Ryzhov, I. O., W. B. Powell, “Approximate Dynamic Programming with Correlated Bayesian Beliefs,” Forty-Eighth Annual Allerton Conference on Communication, Control, and Computing, September 29 – October 1, 2010, Allerton Retreat Center, Monticello, Illinois., IEEE Press, pp. 1360-1367. This paper introduces the idea of using the knowledge gradient within a dyamic program, which effectively means in the presence of a physical state. This paper uses a discrete, lookup table representation of the belief model.

Ryzhov, I. O. and W. B. Powell, “Bayesian Active Learning With Basis Functions,” SSCI 2011 ADPRL - 2011 IEEE Symposium on Adaptive Dynamic Programming and Reinforcement Learning, Paris, April, 2011. - This paper uses the knowledge gradient for dynamic programs where the value function is now approximated using a linear model.

**Comparing against nature
**

The paper studies the question of how humans would behave in an optimal learning problem. Empirical results suggest that they do not behave optimally, but that they do seem to behave similarly to the KG policy. The human subjects also make better decisions than various other standard bandit algorithms. A followup paper appeared in http://www.cogsci.ucsd.edu/~ajyu/Papers/nips13_bandit.pdf (NIPS, 2013, pp. 2607-2615).

**Learning in games**

In this section, I will be collecting learning papers that arise in the context of various games, where information collection can play a major role.

B. Jedynak, P. Frazier, R. Sznitman, "Twenty questions with noise: Bayes optimal policies for entropy loss," Applied Probability Trust, 2011.We consider the problem of 20 questions with noisy answers, in which we seek to find a target by repeatedly choosing a set, asking an oracle whether the target lies in this set, and obtaining an answer corrupted by noise. Starting with a prior distribution on the target's location, we seek to minimize the expected entropy of the posterior distribution. We formulate this problem as a dynamic program and show that any policy optimizing the one-step expected reduction in entropy is also optimal over the full horizon.

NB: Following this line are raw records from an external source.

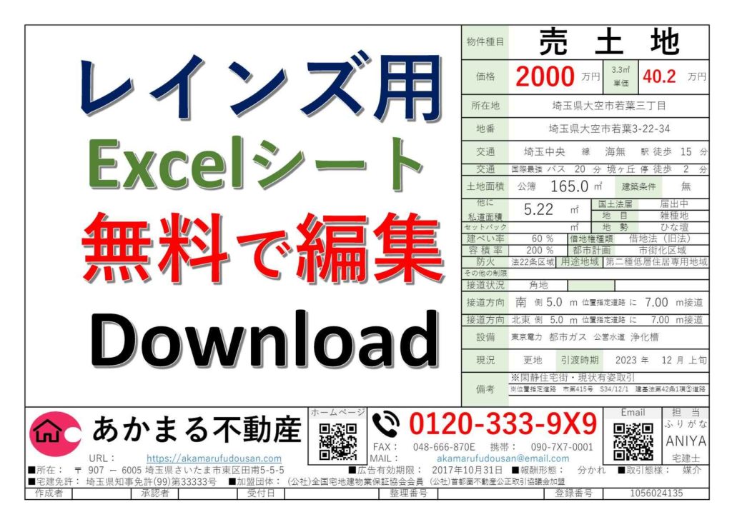 Excel_レインズシート 不動産 のテンプレート無料ダウンロード - 新作 無料ダウンロード エクセルのテンプレート。
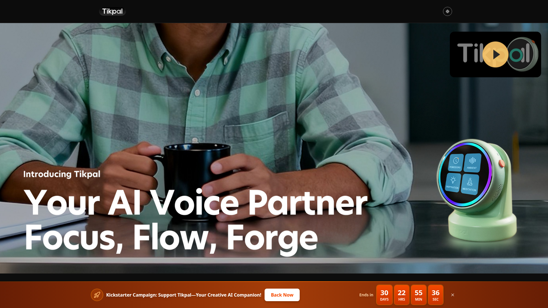 Tikpal is an AI-native creative companion designed to enhance focus and productivity through its multi-agent intelligence system. It combines distraction-free hardware with smart software integrations, offering real-time voice recording, intelligent organization, and seamless synchronization across devices. Targeted at creators and thinkers, Tikpal integrates with popular tools like Notion and Xmind while providing unique features like ambient sounds, Pomodoro timer, and AI-powered voice chat to maintain creative flow.
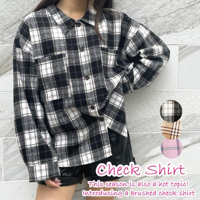 今シーズンも大注目!起毛チェックシャツが登場★シアートップスやタートルネックトップと合わせて着るのが今時ナチュラル系コーデ♪ライトアウターとしても一枚着としても着用可能☆古着のようなくたっと感がこなれ感がGOODの一枚です◎
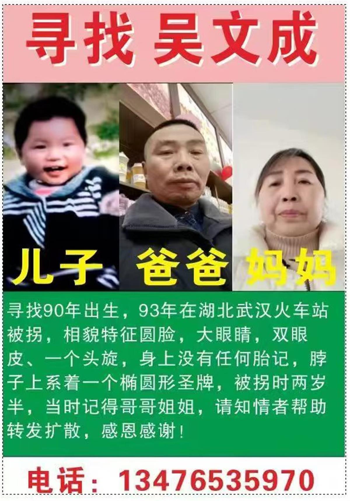 亲爱的读者,如果您知道有关张春娇小儿子吴文成的线索,可与极目新闻热线(027-86777777)或与张春娇(13476535970)联系。
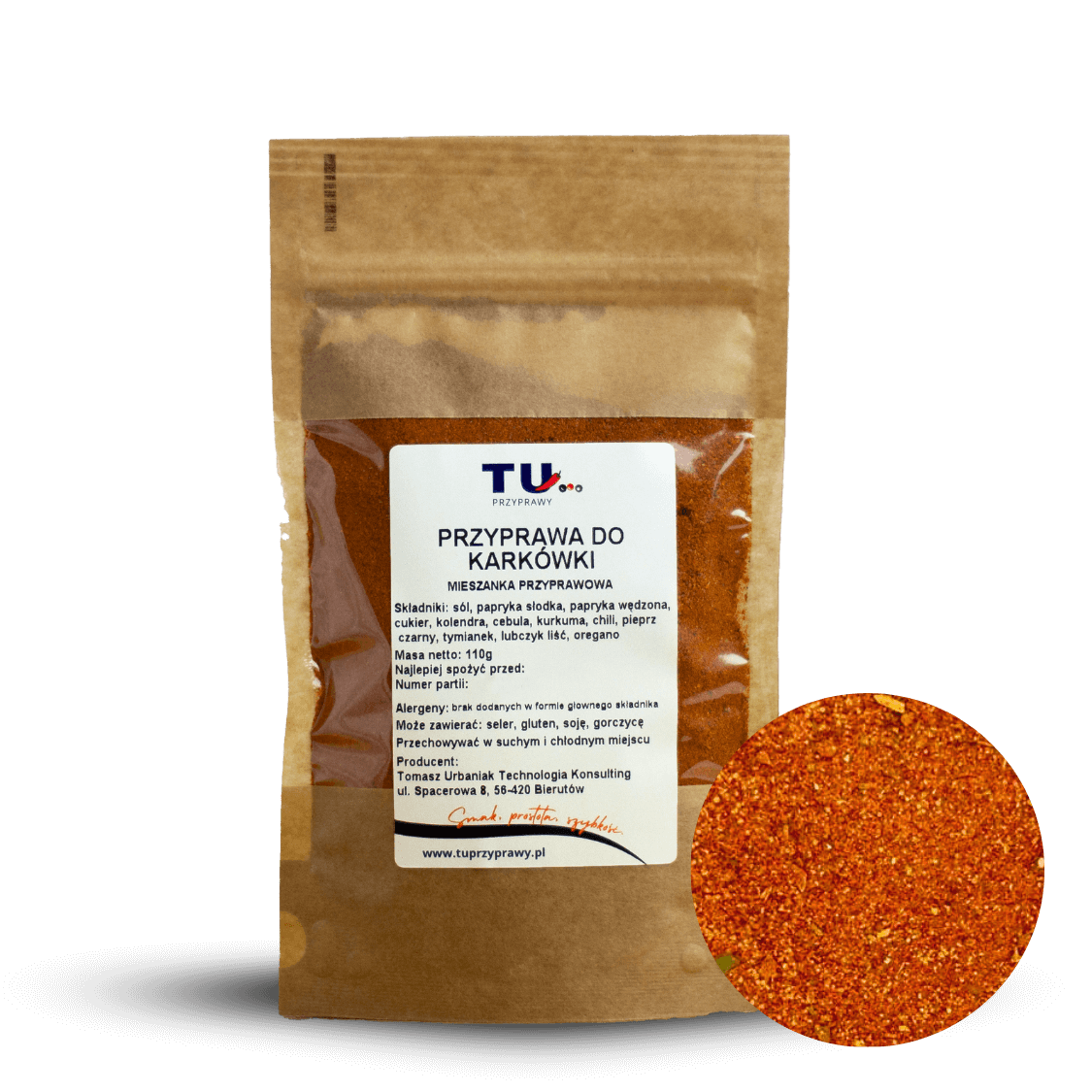 Zastosowanie: do przyprawiania karkówki pieczonej, grillowanej lub smażonej – świetna także do żeberek, szarpanego mięsa i dań jednogarnkowych.
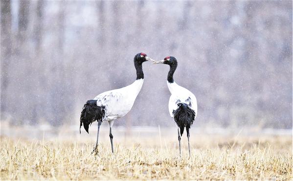 拉萨市林周县是著名的黑颈鹤越冬地,每年10月中旬开始,有大批黑颈鹤迁徙到此。据介绍,在林周县越冬的黑颈鹤数量稳定在1700只左右,最高可达2000只左右。12月18日至19日,西藏大部分地区普遍降雪,雪中的黑颈鹤显得格外美丽。新华社发
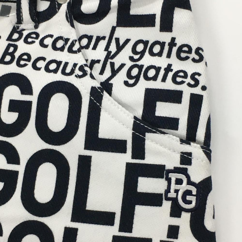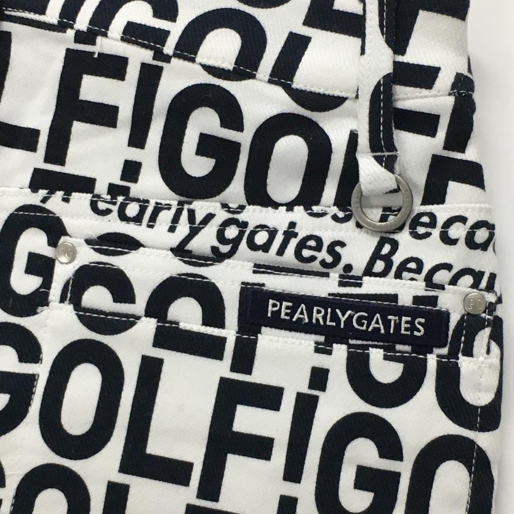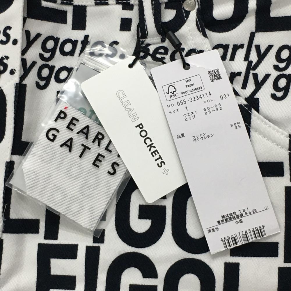 【新品】パーリーゲイツ スカート 白×黒 英字総柄 クリーンポケット レディース 1(M) ゴルフウェア 2023年モデル PEARLY GATES
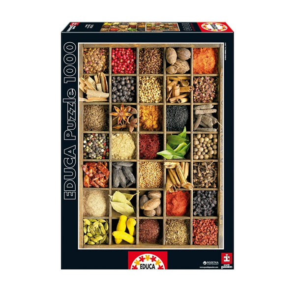 Настільна гра від іспанського бренду EDUCA сподобається дітям від 14 до 18 років. Яскраве зображення сету приправ складається зі 1000 дрібних елементів. Пазли виготовлені з щільного картону.
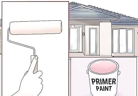 Prime the surface. In some circumstances, you will need to apply a coat of primer to the surface of your house before you can begin painting. Primer provides a good foundation for the paint and will help it to last longer, as it provides extra protection from the elements. You will need to apply primer to certain distressed areas of the house, especially if your prep work exposed any raw wood or bare metal, or if you scraped away a lot of loose paint. You will also need to apply primer if you are painting new wood for the first time, or if you are drastically changing the color of your home. The type of primer you use will depend on the type of paint. If you plan on using latex paint, you will need latex primer. If you plan on using solvent-thinned paint, you will need a solvent-base primer, and if you use metal paint, you will need a metal primer.
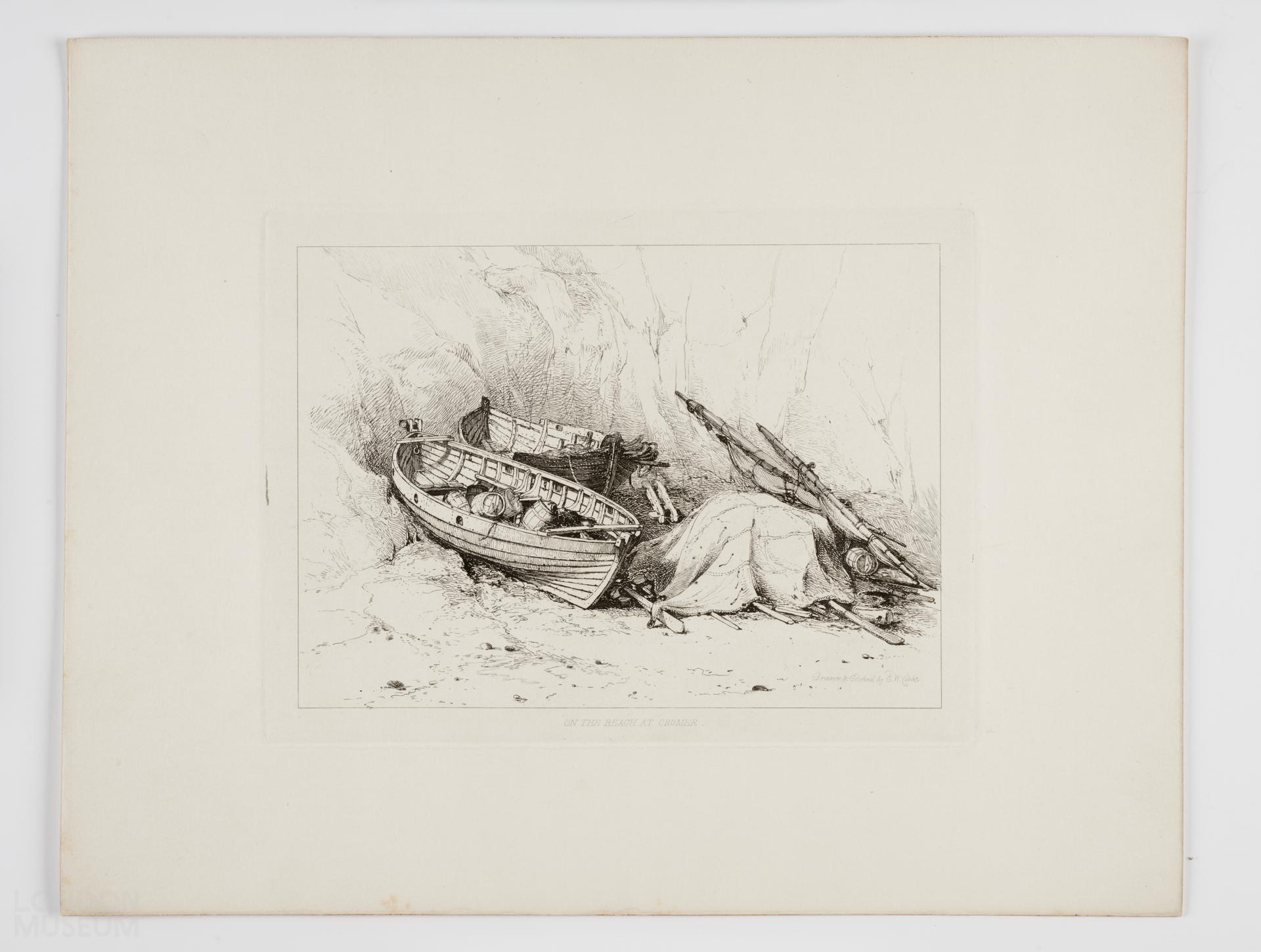 'On the beach at Cromer'. From 'Sixty Five Plates of Shipping and Craft', drawn and etched by E.W. Cooke, published in London, 1829.

Two such Bayes-optimal policies are presented: one generalizes the probabilistic bisection policy due to Horstein and the other asks a deterministic set of questions. We study the structural properties of the latter, and illustrate its use in a computer vision application.

**Convergence theory**

The paper below provides a strategy for proving asymptotic consistency proofs of sequential learning algorithms for offline learning algorithms.

**P. Frazier and W. B. Powell, “Consistency of Sequential Bayesian Sampling Policies” SIAM J. Control and Optimization, Vol. 49, No. 2, 712-731 (2011). DOI: 10.1137/090775026**

We consider Bayesian information collection, in which a measurement policy collects information to support a future decision. We give a sufficient condition under which measurement policies sample each measurement type infinitely often, ensuring consistency, i.e., that a globally optimal future decision is found in the limit. This condition is useful for verifying consistency of adaptive sequential sampling policies that do not do forced random exploration, making consistency difficult to verify by other means. We demonstrate the use of this sufficient condition by showing consistency of two previously proposed ranking and selection policies: OCBA for linear loss, and the knowledge-gradient policy with independent normal priors. Consistency of the knowledge-gradient policy was shown previously, while the consistency result for OCBA is new.